Treasury places digital currency addresses on sanctions list

The Treasury Department has publicly flagged two cryptocurrency addresses associated with two Iranian individuals indicted for their role in a worldwide, multimillion dollar ransomware campaign dubbed "SamSam."

The move was announced in conjunction with a criminal indictment unsealed the same day and represents the first time the Office of Foreign Assets Control has ever publicly attributed a digital currency address to individuals in a criminal scheme. It also represents a new step in the federal government's efforts to track money laundering and other criminal activity conducted via anonymous cryptocurrencies.

According to a Treasury release, two Iranian individuals, Ali Khorashadizadeh and Mohammad Ghorbaniyan, used a pair of Bitcoin addresses to conduct 7,000 transactions worth millions of dollars and helped two other Iranian individuals indicted by the Department of Justice convert digital coins derived from the SamSam ransomware attacks into Iranian rial.

The department also released updated guidance around how businesses should treat and block digital currencies subject to OFAC sanctions and how and when to notify affected customers.

For the past year, Treasury, DOJ and the IRS have all expressed interest in stepping up regulation and monitoring of cryptocurrencies, with officials arguing that they are playing an increasing role in a range of cyber and financial crimes and make it more difficult to track financial transactions.
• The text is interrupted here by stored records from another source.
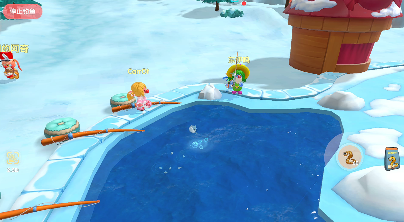 抵达雪山后,入口处即可看到钓鱼点,靠近鱼塘后即可开始垂钓。需冰川红虾属于高级食材,必须使用中级或以上品质的鱼饵才能成功钓取,低级鱼饵无法触发其刷新机制。虽然冰川红虾全天均可钓取,但根据实际测试,清晨和傍晚时段的钓取概率相对较高。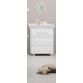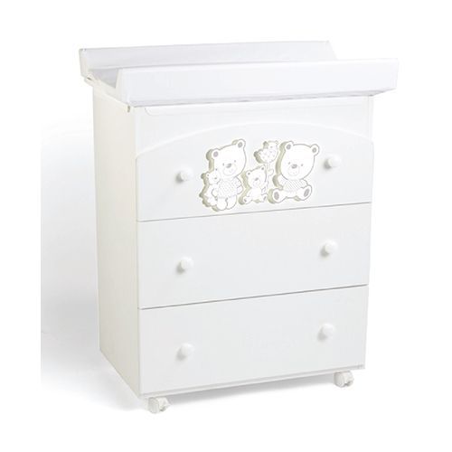 Bagnetto 3 cassetti con top con angoli sagomati e bordati in gomma antiurto. Cerniera di apertura top con sistema di rallentamento di sicurezza. Pomelli in legno tinto bianco.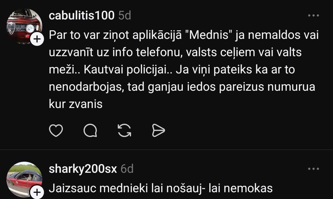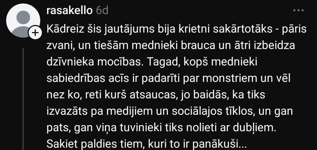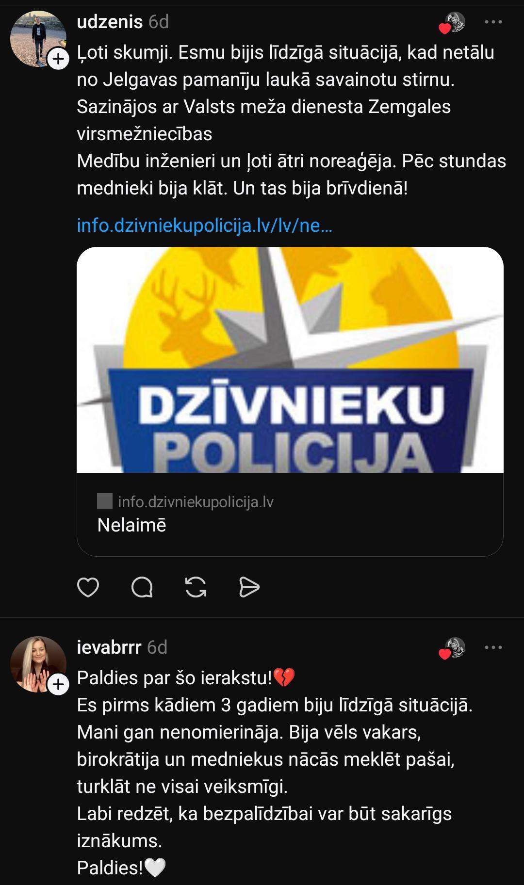 Gerda dalās pieredzē: “Kad man alnis izskrēja mašīnai priekšā, sazvanot 113, viņi paši sazinājās ar Meža dienestu un norīkoja mednieku. Atbrauca Meža dienests un mednieks. Izvērtēja situāciju un palīdzēja dzīvniekam nemocīties. Pēc tam savāca un aizveda. Vēl tagad atceros tos trīs šāvienus un asaras acīs.”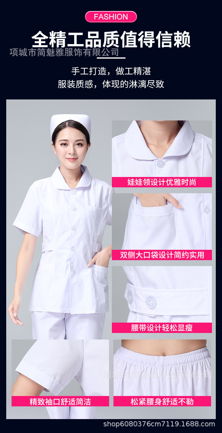 2023 Spring and Autumn Nurses' Uniform Women's Summer Wear Split Thin Suit Short Sleeve round Neck Dental Oral Two-Piece Overalls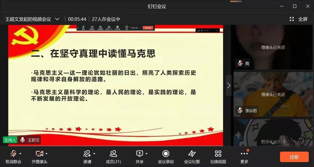 为让我院学生深入了解马克思,提高思想政治素质,加强马克思主义理论修养,使他们深刻意识到做好思想引领工作的根本前提是要明确马克思主义是我们立党立国的根本指导思想。寰宇住宿书院青马社团于2022年4月1日在线上开展“致敬马克思”主题宣讲活动。本次宣讲活动由青马社团学员王超文主持。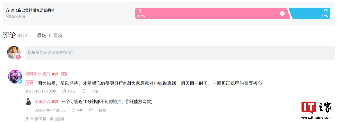 根据官方描述,《铠甲勇士・新生》是奥飞一次充满诚意的尝试,也是面向未来的新生。值得一提的是,奥飞在《铠甲勇士・新生》短片的 P1 部分放置了投票,询问用户“奥飞自己做特摄你是否期待”,29848 人参与了该投票,83% 的用户选择“是”。这暗示奥飞或将重启自己做特摄的企划。

Earlier this year, the IRS partnered with Canada, the United Kingdom, Australia and the Netherlands to tackle the growing use of cryptocurrencies to launder money, purchase illegal products and evade taxes.

"To prevent virtual currency from being abused by criminals, terrorist financiers, or sanctions evaders, all of us must implement policies that mitigate the risks posed by the new technology," Deputy Attorney General Rod Rosenstein said in a Nov. 18 speech to the Interpol General Assembly.

While the action represents a new step for the federal government's treatment of digital currencies associated with cyber and financial crimes, it's not clear whether flagging the addresses will meaningfully impede any potential future criminal operations by Khorashadizadeh and Ghorbaniyan or other groups who face similar action.

Kimberly Goody, manager for cyber crime analysis at threat intel firm FireEye, told FCW in an email that outing the addresses "might not have much impact, particularly in the long run."

"If they choose to continue operations, the actors could just obtain and use other wallets," said Goody. "Further, public outing of operations generally leads to changes in actor tactics, techniques, and procedures to make attribution of intrusions to them more difficult."